SDF-1/CXCL12 El plásmido de activación CRISPR (h) proporciona un enfoque específico y no destructivo para regular al alza la expresión endógena de CXCL12 sin alterar la secuencia de ADN subyacente.
SDF-1/CXCL12 El plásmido de activación CRISPR (h) es un sistema mediador de activación sinérgica (SAM) de tres plásmidos diseñado para la regulación al alza transcripcional altamente eficiente y específica del locus CXCL12 en líneas celulares humanas. El sistema se basa en una Cas9 catalíticamente inactiva (dCas9) que porta dos mutaciones inactivadoras (D10A y N863A) que eliminan la actividad nucleasa al tiempo que conservan la unión al ADN. Esta dCas9 se fusiona con VP64, un potente activador transcripcional, y se coexpresa con un gen de resistencia a la blasticidina para la selección. El segundo plásmido codifica la proteína de fusión MS2-p65-HSF1, un complejo activador secundario que actúa en conjunto con dCas9-VP64, junto con un gen de resistencia a la higromicina. El tercer plásmido codifica un ARN guía (sgRNA) específico del objetivo de 20 nt fusionado a dos aptámeros de ARN MS2 que reclutan el complejo MS2-p65-HSF1 al sitio de activación, acompañado de un gen de resistencia a la puromicina. Los tres plásmidos se administran en una proporción de masa de 1:1:1 para una expresión equilibrada de todos los componentes del sistema.
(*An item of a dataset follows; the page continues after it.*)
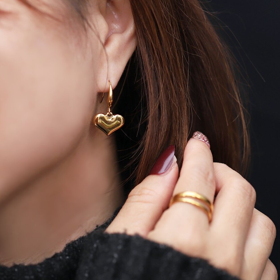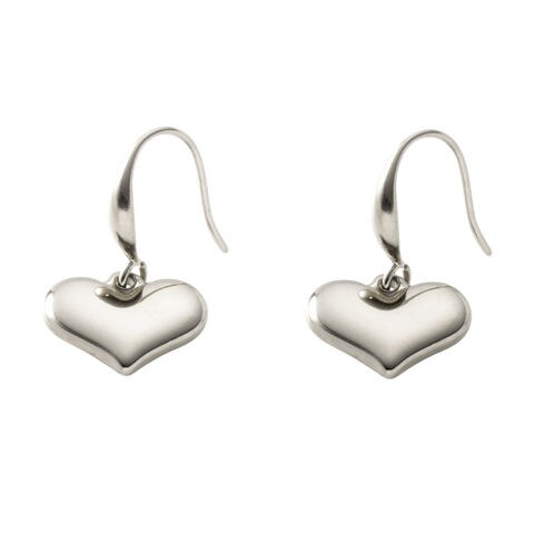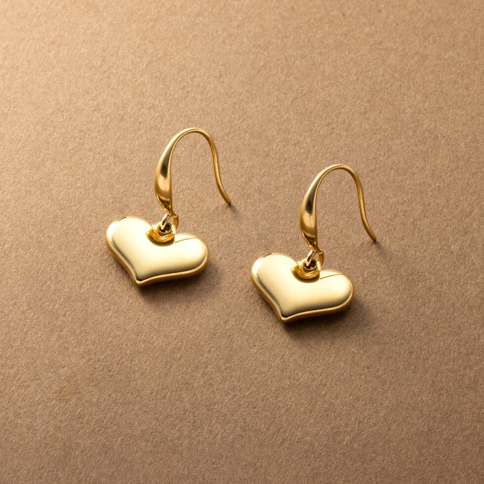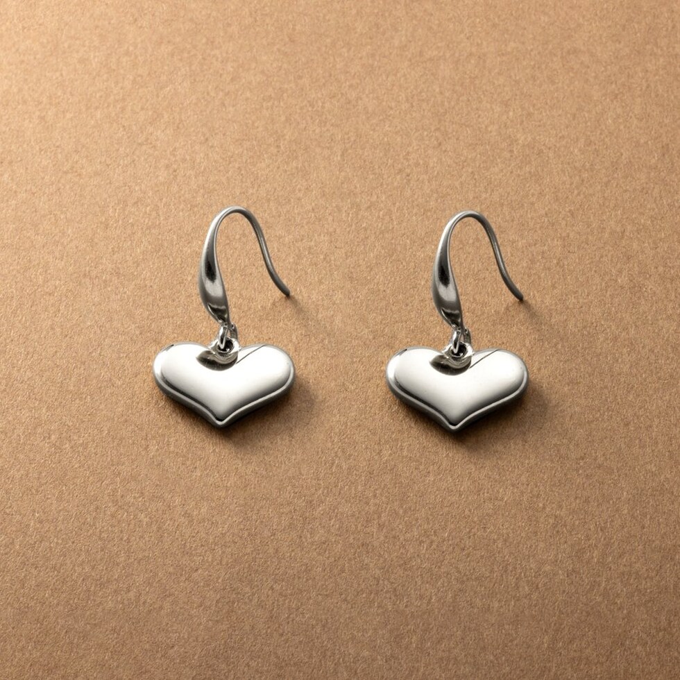 ニュアンスあるハートモチーフが耳元で揺らめくフックピアス。メタル素材で甘くなりすぎず、大人可愛い印象に◎カジュアルスタイルにも、大人シンプルスタイルにも合わせやすいデザインです。錆びにくく傷に強いステンレス製で、長時間の着用も安心の低アレルギー素材です。

Una vez ensamblado en el locus diana, el complejo SAM se une aproximadamente 200 pb aguas arriba del sitio de inicio transcripcional CXCL12, donde VP64, p65 y HSF1 actúan de forma coordinada para reclutar la maquinaria transcripcional e impulsar la regulación al alza de la expresión endógena de SDF-1/CXCL12. A diferencia de la Cas9 con actividad nucleasa, dCas9 no introduce roturas de doble cadena ni modifica la secuencia genómica, preservando el locus nativo CXCL12 y permitiendo el estudio de las respuestas transcripcionales dependientes de SDF-1/CXCL12 en el locus endógeno, lo que la convierte en una herramienta valiosa para estudios funcionales, la identificación de genes diana y la modelización de la restauración de la vía SDF-1/CXCL12 en células tumorales con expresión de CXCL12 silenciada o reducida.
Sólo para uso en investigación. No destinado a uso diagnóstico o terapéutico.